Deep Learning for Skeleton-Based Human Activity Segmentation: An Autoencoder Approach
Round 1
Reviewer 1 Report
Comments and Suggestions for AuthorsThis work studied on human activity recognition based on skeleton data. The study presented a segmentation method and a deep learning (auto encoder) to enhance recognition performances. Three public datasets were used to evaluate the presented method. Although this research provides useful findings,, there are some issues that need to be addressed before publication.
1) Improve the abstract by adding the study's main findings and insights.
2) The introduction should be improved by provided clearly main contributions of this work.
3) Increasing the resolution of Figure 5 is recommended.
4) Please discuss computational complexity of the presented method.
5) To further strengthen the paper, please provide an analysis of the constraints or drawbacks of the presented approach and explore possible directions for future investigations.
Author Response
Please see the attachment
Author Response File: Author Response.pdf
Reviewer 2 Report
Comments and Suggestions for AuthorsIn their work, the authors consider an interesting and actively developing area related to the recognition and classification of human actions based on his skeletal model. The authors chose the task of automatic segmentation of recorded human actions into separate segments corresponding to different types of activity as the main task. The problem in this area is to find points of separation between different scenarios/types of activities. As a solution, the authors propose an autoencoder architecture for generalizing data on motor activity. The work is certainly interesting, complete, contains a large amount of theoretical and experimental material, comparison and justification of the selected model parameters. The number of references to existing studies and their novelty are acceptable. I can definitely recommend it for publication.
Some notes on the work:
1. Algorithm 2 requires some clarification, since its formalization contains several variables not specified in the text. I ask the authors to give a more understandable and detailed description of this algorithm, paying special attention to the process of choosing stopping points.

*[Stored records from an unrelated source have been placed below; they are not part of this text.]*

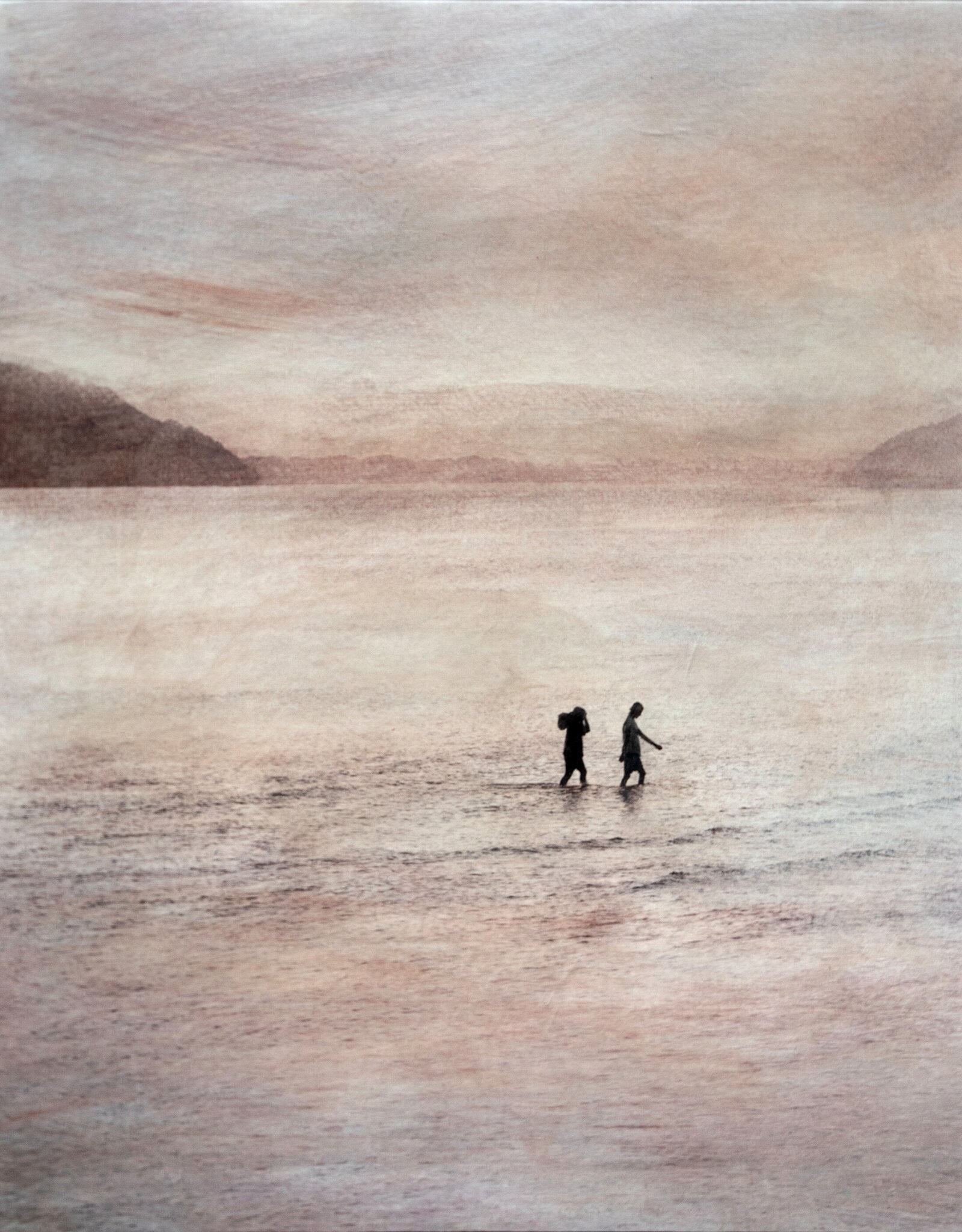 Samantha Lee Osner's collection, "Précis," combines minimalist photography with mixed media overlays to explore the relationship between humanity and nature. Several pieces portray people as tiny figures in expansive landscapes, capturing the ethereal charm of the natural world and underscoring the unimportance of personal struggles in the broader scope. The collection encourages viewers to reflect on the allure of the environment and appreciate the simplicity and serenity of nature.
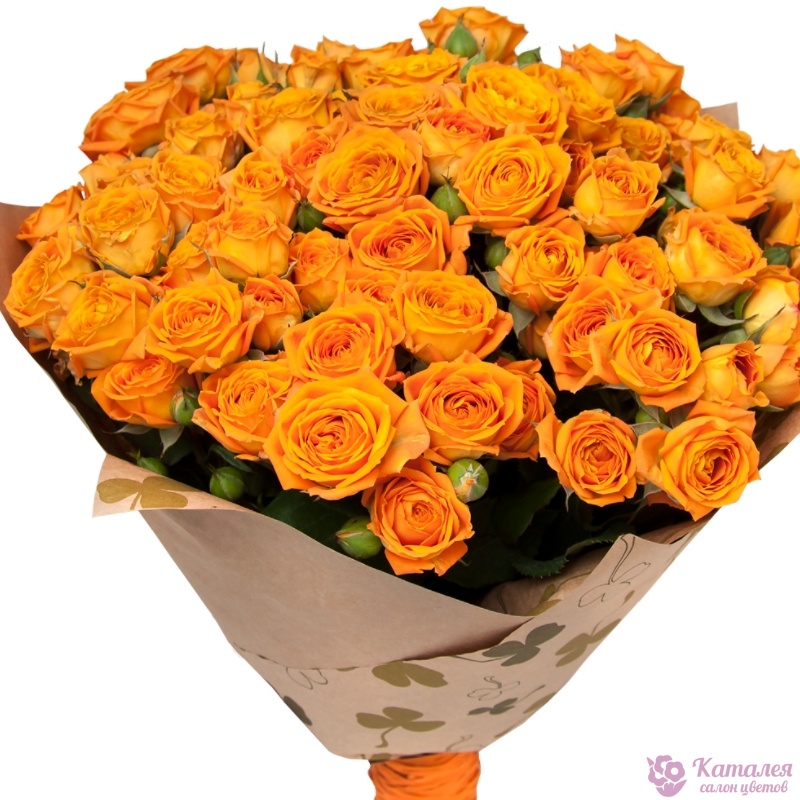Букет из 17 оранжевых кустовых роз в крафте
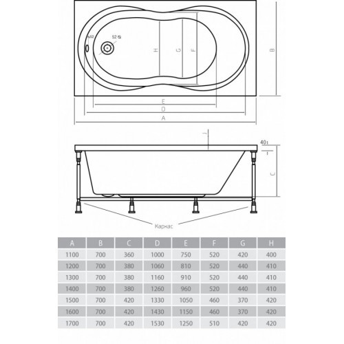 Возможна установка ванны на ножки или на каркас. В случае установки на ножки обязательно крепление ванны к стене.
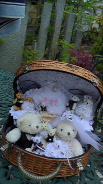 すみません。お庭じゃなくて、可愛い子供達の完成です。熊ちゃんファミリーです。既に一組の熊と兎カップルはお嫁に行っちゃいましたが。

2. There are some typos, for example, eror in Figure 4.
3. I may not have noticed in the text, but neither in Figure 4 nor in Section 4 did I find information about the specific size of the input and output data. It is clear from the text that the authors used 25x3=75 values of the skeletal model, but some sequence of model positions is fed to the input of the model (for some time). Do I understand correctly that this issue is disclosed in section 4.2, where the final size of the input and output of the model is determined (from 50x75 to 200x75)? On the other hand, in line 516, I see the phrase "75 input features". I ask the authors to clarify this point.
Author Response
Please see the attachment
Author Response File: Author Response.pdf
Round 2
Reviewer 1 Report
Comments and Suggestions for AuthorsThe authors have addressed all the previous comments.